Inside Thoughts | Infused Coffees with Matteo D'Ottavio

Inside Thoughts | Infused Coffees with Matteo D'Ottavio

Infused coffees. What are they? Where do they belong in an industry that prides itself on authenticity? What does the future hold for them within the world of speciality coffee? Through this series of blog posts we explore this topic of debate by asking some leading industry experts and observers on their thoughts and opinions. 

Before we dig in, it's probably best to identify what we mean by infused coffees. When we speak about infusion we are talking about the addition of wine yeasts and fruit pulp that is added to fermentation tanks during processing at origin. This addition to the anaerobic fermentation process allows producers to further manipulate the flavours that are associated with specific varieties and origins. While this has been commonplace for producers within different industries for many decades it is something that is relatively new to specialty coffee.

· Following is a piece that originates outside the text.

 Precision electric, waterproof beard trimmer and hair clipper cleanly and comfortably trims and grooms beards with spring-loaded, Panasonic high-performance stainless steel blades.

Matteo D'Ottavio - SCA UK Brewers Cup Champion 2020

HHCo - What are your personal views and experiences of infused anaerobic fermented coffees?

MD - I have a very open mind when we talk about infusion and/or fermentation in coffee, I had very good experiences in the past, in the present and I’m sure I will have in the future. 

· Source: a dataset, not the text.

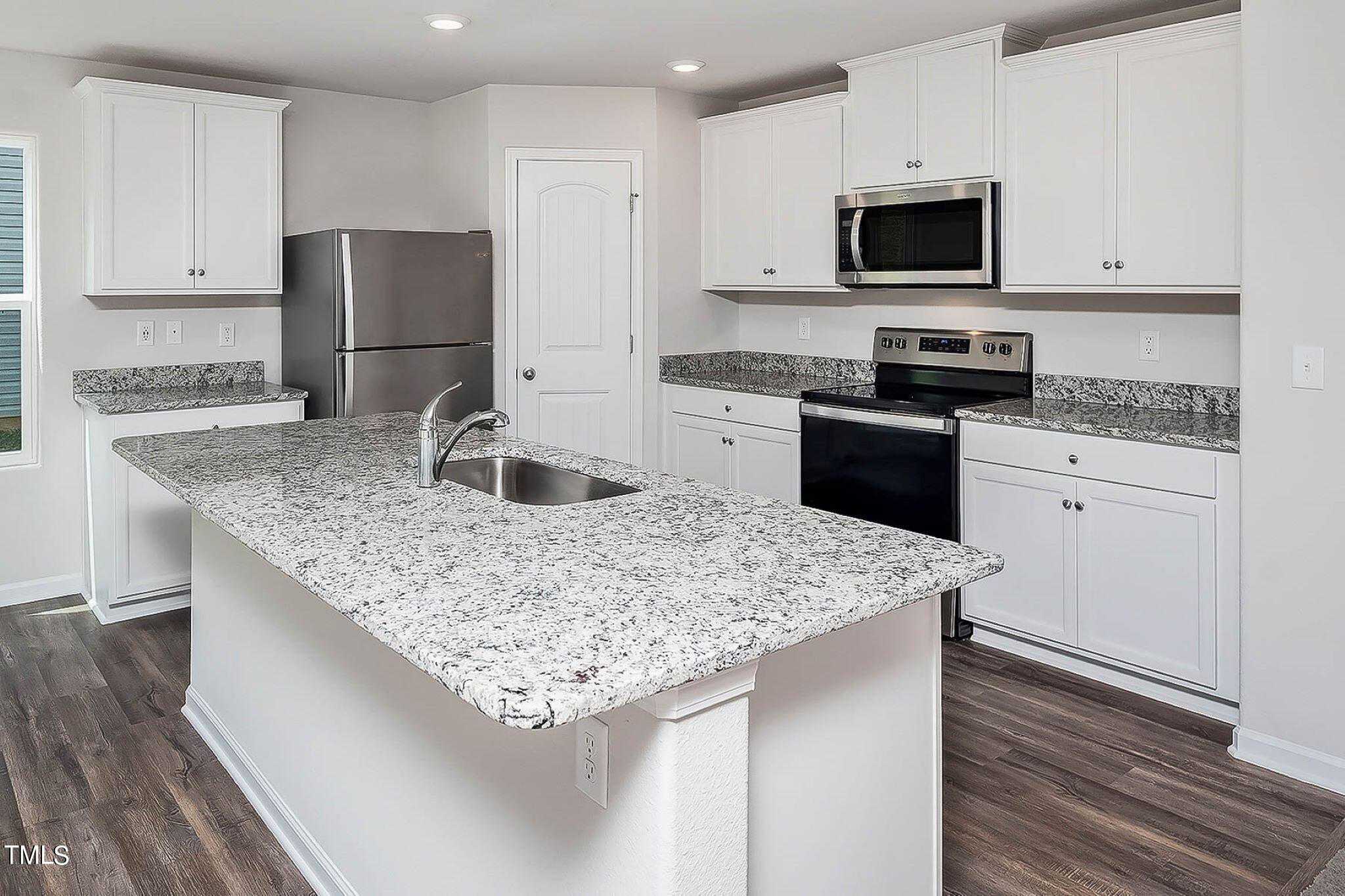 This 4-bed home has a spacious and airy feel that has been designed with your needs in mind. The large kitchen is open to the dining area and living room and has stainless steel appliances, gorgeous granite countertops, 36” upper cabinets with brushed nickel hardware and a large island.

HHCo - What do you feel is the long term value created by infused coffee for the speciality coffee industry?

MD - I think it’s a very early stage for the processing and that there is room from improvement in terms of consistency. I also think that the SCA should step up and put in place some regulation to give more transparency on the coffee produced in this way to protect producers and consumers.

HHCo - Do you feel that infused coffees change access and audience to speciality coffee and if so, how?

MD - I think infusion could help producers to reach the specialty coffee market even when they had a harvest not really satisfying, especially in periods where it is difficult to predict climate. This kind of processing also can help commercial grade coffee (just below 80 points score) to reach the 82/83 points to be classified as “specialty”, that will give the possibility to the producers to sell the coffee for a higher price. This will push others (producers) to improve their processing stage with more technology and research in place. Also if there is control and consistency the infusion process can be apply to a large quantity of coffee and this will give easier access to consumers to enjoy the product at a reasonable price.

HHCo - Where do you see parallels in other industries and how does this impact speciality coffee?

MD - We can see a lot of similarity in the beer industry and also the wine industry. Recently the coffee industry is using the same or similar technologies to process the beans, the majority of producers are a bit behind with the quality of facilities and also knowledge about infusion/fermentation, this can implicate lack of consistency, maybe one lot is very good and the other not so much. But it’s good that producers are interested in experimentation and also to help each other to grow and get better in this matter. Anyway, as I already wrote above, the SCA should create regulations to protect the industry.

HHCo - How do you feel infused coffees impact Cup of Excellence and can these coffees exist within the same categories?

MD - If I’m not mistaken, infused coffee are not allowed in COE, maybe in the future there will be a separate award or their own category for infused coffee.